-- Task prompt --
Print, exactly as they appear in the listing below, the lines from the line with "ケーキ (お選びいただけます)" to the line with "государственная художественная галерея)", with both end lines kept.

-- Source data --
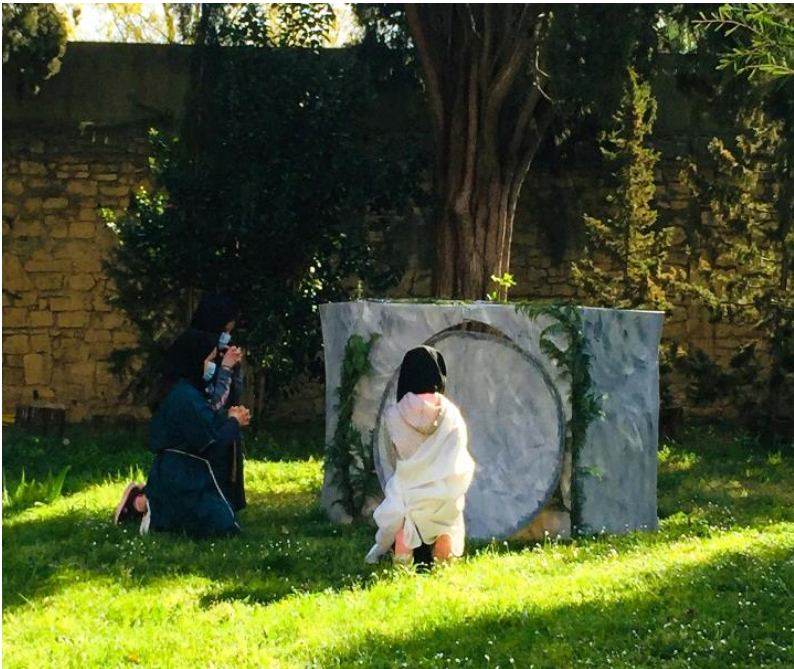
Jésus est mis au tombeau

* * *

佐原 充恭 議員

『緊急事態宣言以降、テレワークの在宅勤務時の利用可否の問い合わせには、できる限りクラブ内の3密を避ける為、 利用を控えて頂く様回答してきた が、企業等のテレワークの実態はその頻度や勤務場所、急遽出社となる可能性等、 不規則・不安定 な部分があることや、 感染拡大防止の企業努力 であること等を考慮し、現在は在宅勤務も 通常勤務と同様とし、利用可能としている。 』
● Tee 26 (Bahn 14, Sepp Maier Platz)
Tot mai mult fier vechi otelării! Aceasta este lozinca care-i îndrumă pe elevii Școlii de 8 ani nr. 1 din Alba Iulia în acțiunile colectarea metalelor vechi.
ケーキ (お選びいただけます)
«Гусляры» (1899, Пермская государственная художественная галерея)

...

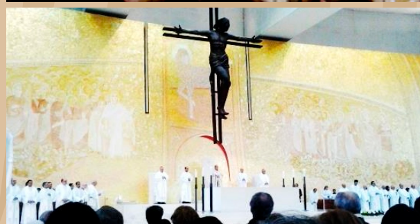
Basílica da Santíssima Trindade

-- Response to the task --
ケーキ (お選びいただけます)
«Гусляры» (1899, Пермская государственная художественная галерея)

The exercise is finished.